Our work is far from finished. Women’s sports still receive only a sliver of media coverage. The gains in participation still leave too many girls behind, especially young women of color, girls from immigrant families, girls with disabilities, and students from low-income families. And too many women athletes, even when they do have the opportunity to compete, are often paid much less or subjected to a damaging double standard when it comes to behavior. This is especially true of women of color—just ask Serena Williams. But the story of Title IX and the triumph of its “godmothers” remind us that strength in women is an asset to be cultivated, not a character flaw to be overcome.
Ruby Bridges Hall
Hillary and Chelsea
Hillary
Ruby Bridges was only six years old in 1960 when she was escorted by federal marshals past a crowd of angry, hate-filled white protesters into William Frantz Elementary School in New Orleans. She was the first ever—and, for the next year, the only—black student.

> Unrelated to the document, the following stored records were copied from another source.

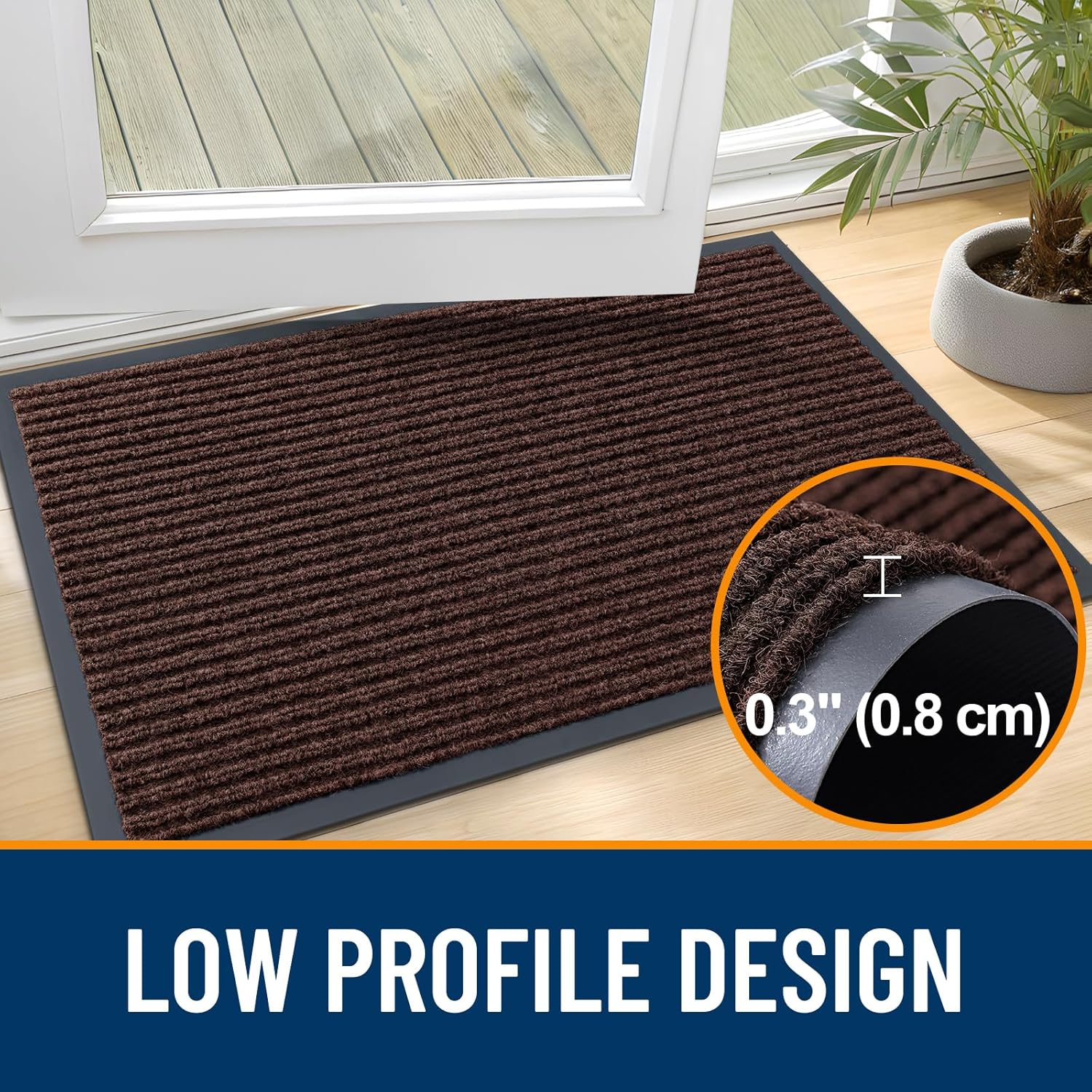 - [LOW-PROFILE DESIGN: IDEAL FOR ANY DOOR] The OLANLY door mat features an ultra-slim 0.3-inch profile, ensuring smooth door clearance and easy access. This space-saving design makes it ideal for any entryway while maintaining full functionality.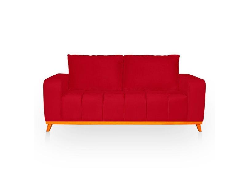Sofá 3 Lugares Memphis Ultra Conforto Em Madeira Maciça E Suede Vermelho - Lh Decor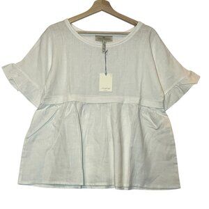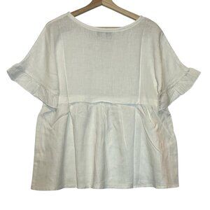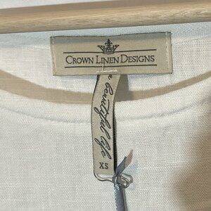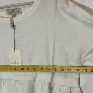 CROWN LINEN DESIGNS 100% Linen Top Size XS White Ruffles Short Bell Sleeves NWT
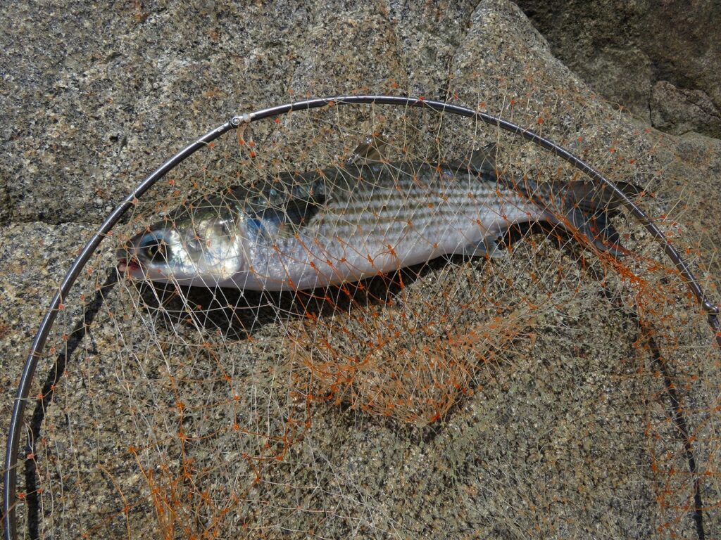 休日に磯釣りに行ってきました。ゆっくり出発したのでいつもの場所は釣り人が複数人いて入れません。帰るか考えましたが、地元の人がよく釣っている場所で釣ることにしました。しかし、磯に着くと水深は浅く、水は透き通り、魚は全くいません。失敗したと思いましたが場所替えの辛い坂道を考えると「撒き餌をいっぱいしたら魚が集まるのではないか」と釣ることにしました。いくら撒き餌をしても魚は寄ってこず「全部撒いて帰ろう」と大量に撒いていると強烈な当たりが。回遊魚が来たと思い、喜んでやり取りをしましたがボラとわかりガックリ、まだ腕は鈍っていませんでした。
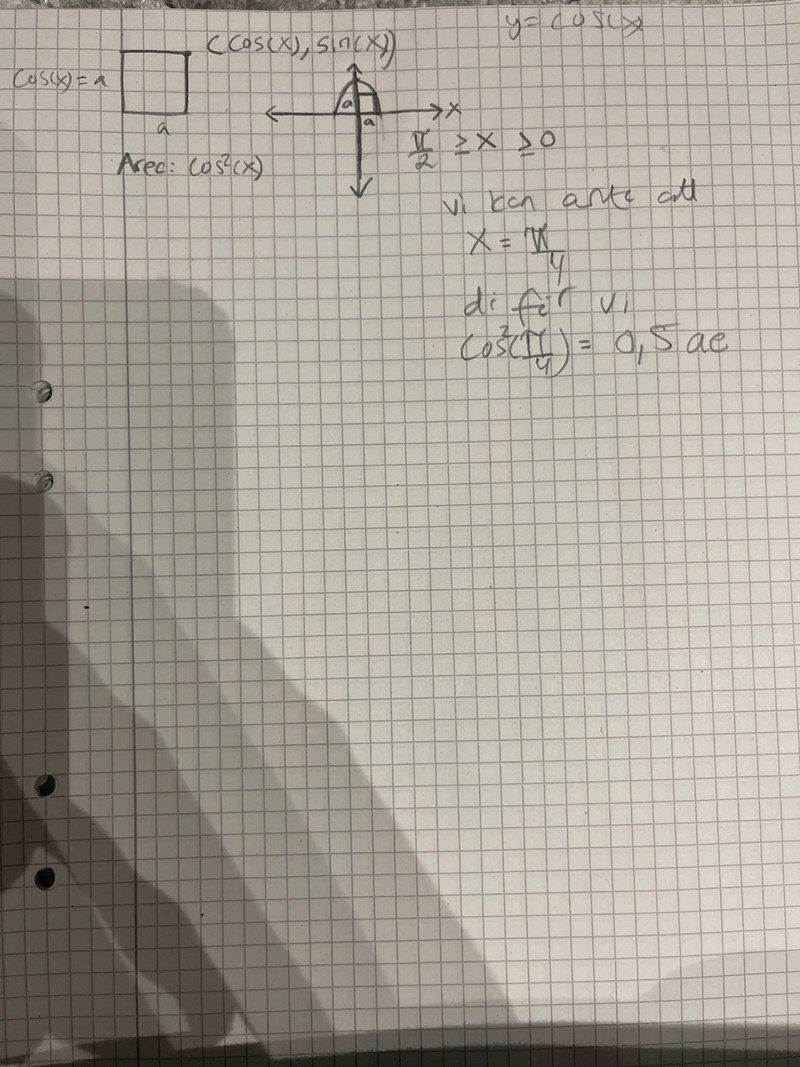 Ena sidan på din kvadrat är cos(x) (höjden / funktionsvärdet) medans en annan sida typ botten har längd x (bredden).

Ruby was born in Tylertown, Mississippi, the same year that the Supreme Court ruled in Brown v. the Board of Education that racially segregated schools were unconstitutional. In 1958, her family moved to New Orleans, where she attended a segregated school until the district was ordered by a federal court to integrate. Ruby was one of only six students to pass the “test” the district came up with to prevent black students from entering white schools. Ruby’s mother encouraged her to take advantage of the opportunities that would be afforded her at the previously all-white William Frantz Elementary. Even though her father warned her that it would be daunting, Ruby showed up at her new school on a warm November day after having been forced to miss the first month of school because of the state legislature’s efforts to keep schools segregated.